Documentation

Mathlib.ModelTheory.Algebra.Ring.Basic

First Order Language of Rings #

This file defines the first order language of rings, as well as defining instance of Add, Mul, etc. on terms in the language.

Main Definitions #

Implementation Notes #

There are implementation difficulties with the model theory of rings caused by the fact that there are two different ways to say that R is a Ring. We can say Ring R or Language.ring.Structure R and Theory.ring.Model R (The theory of rings is not implemented yet).

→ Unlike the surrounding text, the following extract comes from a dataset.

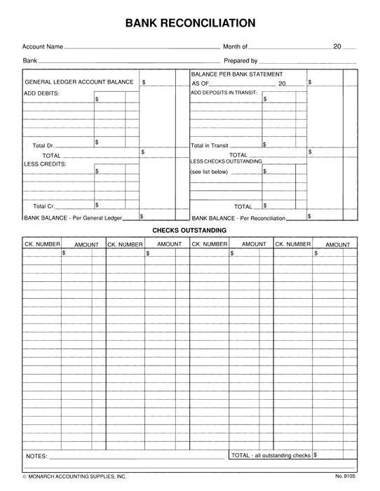 Bank Reconciliation Pad. Size 8 1/2″ x 11″. 50 sheets per pad. Printed on white bond paper.

The recommended way to use this library is to use the hypotheses CompatibleRing R and Ring R on any theorem that requires both a Ring instance and a Language.ring.Structure instance in order to state the theorem. To apply such a theorem to a ring R with a Ring instance, use the tactic let _ := compatibleRingOfRing R. To apply the theorem to K a Language.ring.Structure K instance and for example an instance of Theory.field.Model K, you must add local instances with definitions like ModelTheory.Field.fieldOfModelField K and FirstOrder.Ring.compatibleRingOfModelField K. (in Mathlib/ModelTheory/Algebra/Field/Basic.lean), depending on the Theory.

The type of Ring functions, to be used in the definition of the language of rings. It contains the operations (+,*,-,0,1)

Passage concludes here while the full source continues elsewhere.